- Extracted data -
* * * * * * *
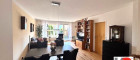 - Koch-/Ess-/Wohnbereich - Durch die große Fenster- und Terrassentürenfront wird der schöne Raum herrlich mit viel Tageslicht durchflutet. Im gesamten Bereich wurde ein hochwertiger Holzboden in Eiche verlegt. Die ca. 6 m² große, offene Küche mit Fenster wurde in einer großen Nische des Raumes zum angrenzenden Essbereich platziert. So wurde geschickt, trotz optischer Trennung, eine schöne Verbindung zwischen diesen beiden Bereichen geschaffen. Das gemütliche Wohnzimmer mit Fernsehwand befindet sich zwischen Essplatz und Fensterfront. Von hier aus führt eine Holztreppe in die nächsten Etagen des Hauses.
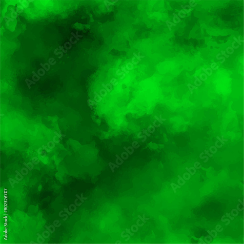 Green watercolor paper textured with splashes. Abstract painted artistic grunge design with forest green. Explosive powder green on black background. Green smoke with fog texture
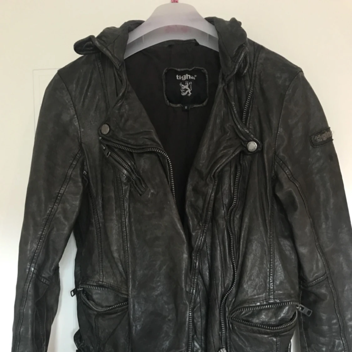 Snygg äkta skinnjacka från Tigha. Använd 3-4 gånger så i gott skick. Storlek S.
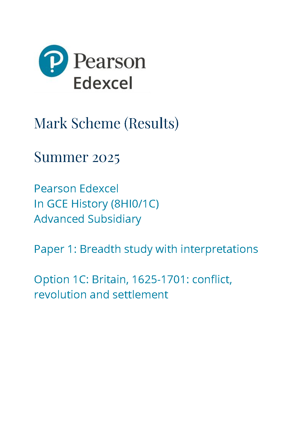 2025 Pearson Edexcel AS Level History Mark Scheme Paper 1 (8HI0/1C: Breadth study with interpretations)
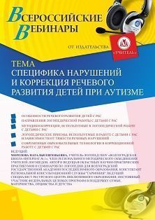 Вебинар Специфика нарушений и коррекция речевого развития детей при аутизме
* * * * * * *
Make an exact copy of the listing above. Do not include the pictures.

 - Koch-/Ess-/Wohnbereich - Durch die große Fenster- und Terrassentürenfront wird der schöne Raum herrlich mit viel Tageslicht durchflutet. Im gesamten Bereich wurde ein hochwertiger Holzboden in Eiche verlegt. Die ca. 6 m² große, offene Küche mit Fenster wurde in einer großen Nische des Raumes zum angrenzenden Essbereich platziert. So wurde geschickt, trotz optischer Trennung, eine schöne Verbindung zwischen diesen beiden Bereichen geschaffen. Das gemütliche Wohnzimmer mit Fernsehwand befindet sich zwischen Essplatz und Fensterfront. Von hier aus führt eine Holztreppe in die nächsten Etagen des Hauses.
 Green watercolor paper textured with splashes. Abstract painted artistic grunge design with forest green. Explosive powder green on black background. Green smoke with fog texture
 Snygg äkta skinnjacka från Tigha. Använd 3-4 gånger så i gott skick. Storlek S.
 2025 Pearson Edexcel AS Level History Mark Scheme Paper 1 (8HI0/1C: Breadth study with interpretations)
 Вебинар Специфика нарушений и коррекция речевого развития детей при аутизме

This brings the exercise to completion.